Informações do processo 2013/0196105-0

  • Numeração alternativa
  • AGRAVO EM RECURSO ESPECIAL Nº 363.326
  • Movimentações
  • 1
  • Data
  • 11/03/2014
  • Estado
  • Brasil
Envolvidos da última movimentação:

Movimentações Ano de 2014

11/03/2014

Esconder envolvidos Mais envolvidos
Seção: Coordenadoria da Terceira Turma - Terceira Turma
Tipo: AGRAVO EM RECURSO ESPECIAL

Os processos abaixo relacionados encontram-se com Vista ao Embargado para Impugnação dos
EDcl:


DECISÃO

Trata-se de agravo interposto por CAIXA ECONÔMICA FEDERAL (CEF) contra
decisão que inadmitiu recurso especial em razão da incidência da Súmula n. 83/STJ.

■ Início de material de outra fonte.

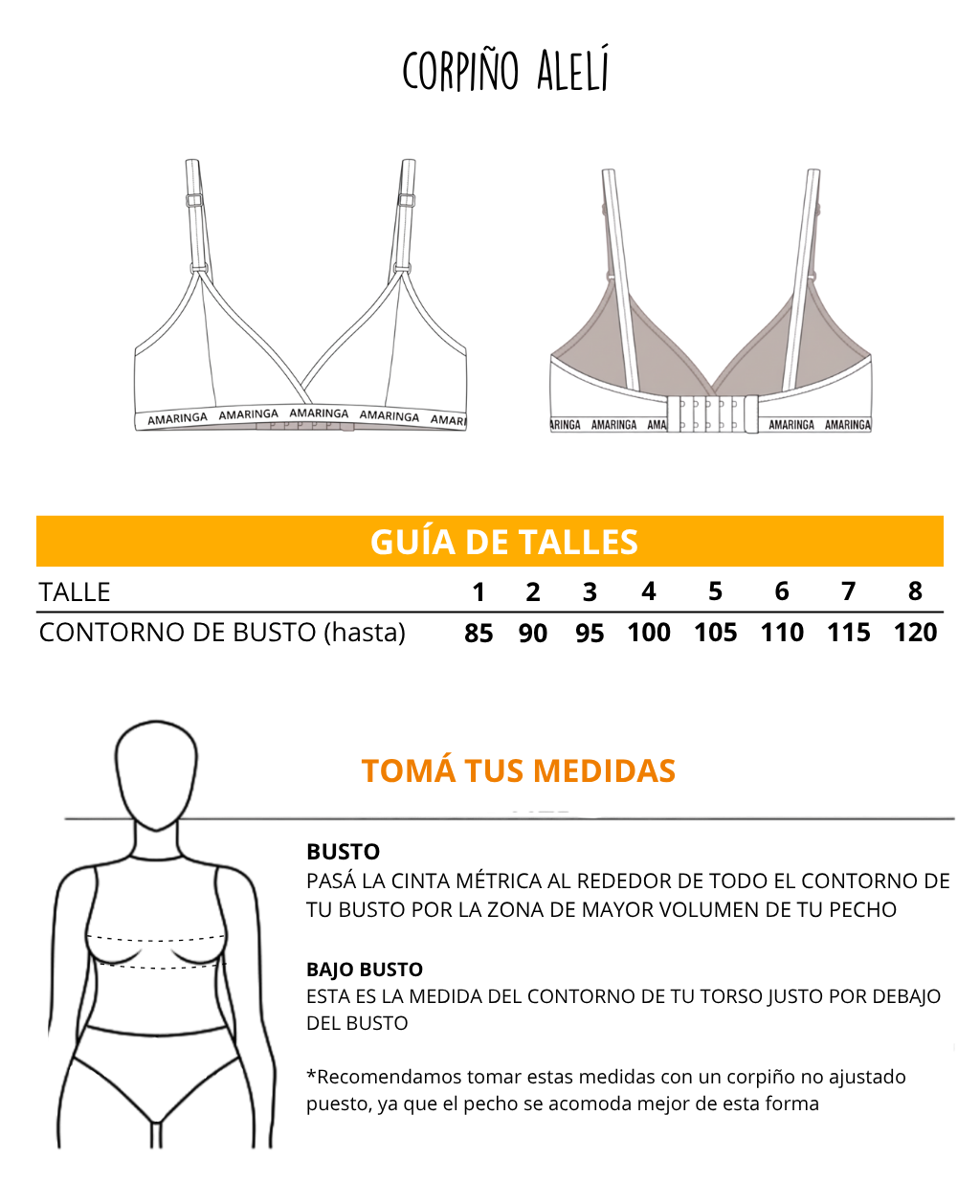- Elástico ancho en bajo busto con ganchito regulable de tres posiciones
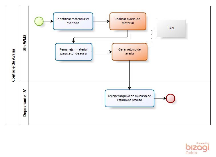 Ajuste de Estoque por Controle de Avaria, ao realizar o cadastro de avaria do material, o sistema gera atividade de remanejamento do material para o setor de avaria, ao finalizar a avaria, o sistema gera arquivo IAN no diretório Exportação que será avaliado pelo ERP.
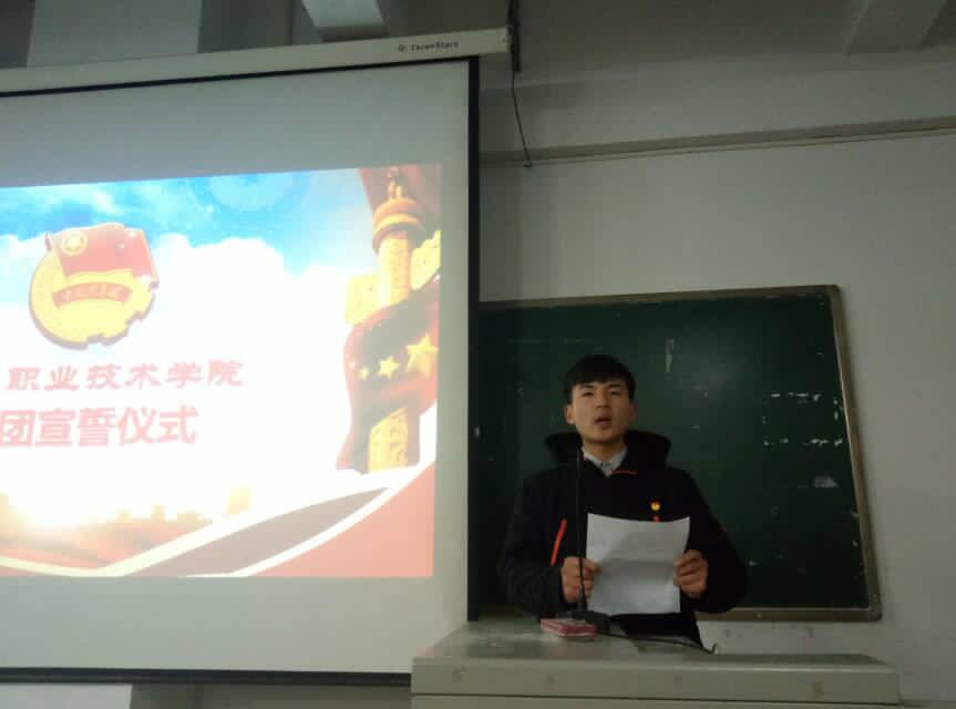 光辉的火炬,唤起了民族的觉醒。壮丽的事业,激励着我们继往开来。2018年1月04日在娄底职业技术学院主教楼110和主教楼210教室隆重举行新团员入团宣誓仪式。会议由团委学生副书记王子豪和赵国华主持,出席本次入团仪式的老师有校团委副书记游骏、校团委指导老师李明、各二级学院团总支书记及各二级学院团总支学生副书记。
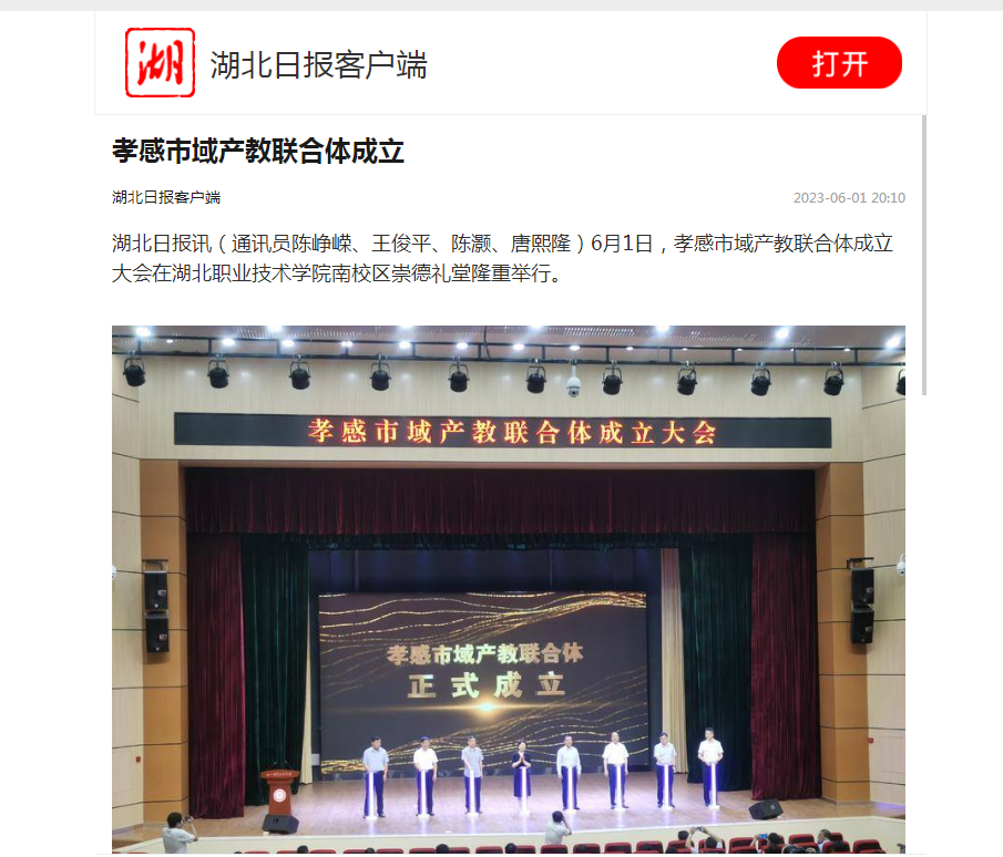 孝感市域产教联合体依托孝感国家高新技术产业开发区,由高新区管委会、虎牙手机客户端、中国航天三江集团有限公司牵头,教育、发改委等相关政府部门、企业、大中专院校和科研机构共同组建,旨在全面贯彻新发展理念,坚持以教促产、以产助教,深化产教融合、产学合作。
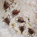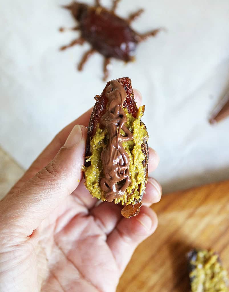 - Carefully squeeze some melted chocolate on the back of the body of the stuffed cockroach. Then, place the date, chocolate-side down, on a piece of parchment paper set on a board or flat plate.
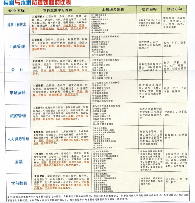 答:普通“专升本”是专科毕业后再升入本科学习,获得本科证书,“专衔本”是在读专科的同时进行同专业的本科学习,即专本同读,获得本科毕业证。普通高等教育“专升本”的人数有限,升本难度大,时间长,读“专衔本”没有人数限制,时间短,是获得本科文凭的最好途径。
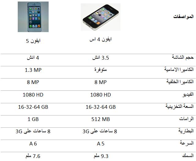 ارقام ديجيتال مقارنة بين جهاز ايفون 5 الجديد وجهاز ايفون 4s
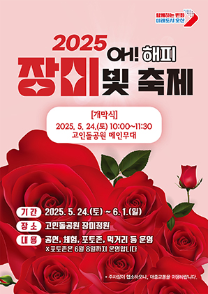 개막식은 24일 오전 10시 공연과 함께 시작된다. 축제장을 찾은 시민들은 다채로운 장미 포토존에서 추억을 남기고 체험부스와 플리마켓, 먹거리존에서 소소한 즐거움을 만날 수 있다.
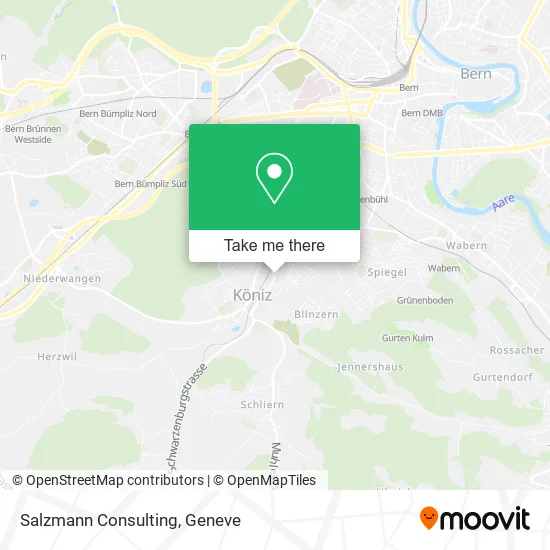 Looking for the nearest stop or station to Salzmann Consulting? Check out this list of stops closest to your destination: Köniz; Liebefeld; Köniz; Köniz; Bern WeissenbĂ¼hl; Spiegel; Bern; Gurten Kulm.
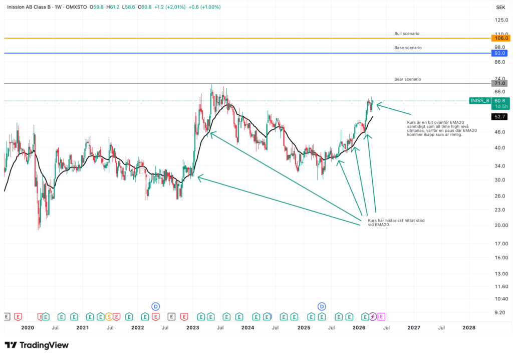 Den långsiktiga trenden är fortsatt positiv, där högre toppar och bottnar kombineras med en förbättrad fundamental utveckling. Eventuella rekyler mot trendnivåer bör därmed ses i ljuset av en fortsatt uppåtgående struktur snarare än ett trendskifte.

Alega a parte agravante, em síntese, que o recurso especial atendeu aos requisitos de
admissibilidade, razão pela qual requer o seu processamento.

É o relatório. Decido.

O recurso especial foi interposto contra acórdão assim ementado:

"DIREITO PROCESSUAL CIVIL. LEILÃO DE BENS EMPENHADOS
À CAIXA ECONÔMICA FEDERAL COMO GARANTIA DE MÚTUO.

1. Diante das características naturais dos bens móveis, é extremamente difícil
a desconstituição de qualquer alienação judicial que venha a ocorrer.

2. A liberdade de contratação, ratio  da decisão atacada, deve ser
contrabalançada diante do norte interpretativo traçado pelo art. 422 e 423 do
Código Civil e do art. 54 do Código de Defesa do Consumidor, que impõe a
proteção ao contratante aderente.

3. Agravo provido" (e-STJ, fl. 1.665).

Aduz a parte recorrente dissídio jurisprudencial, sustentando ser inquestionável o direito
de o credor levar a leilão as joias empenhadas se vencido o contrato de penhor e não renovado o
empréstimo ou não pago o débito pelo devedor.

Passo, pois, à análise das proposições mencionadas.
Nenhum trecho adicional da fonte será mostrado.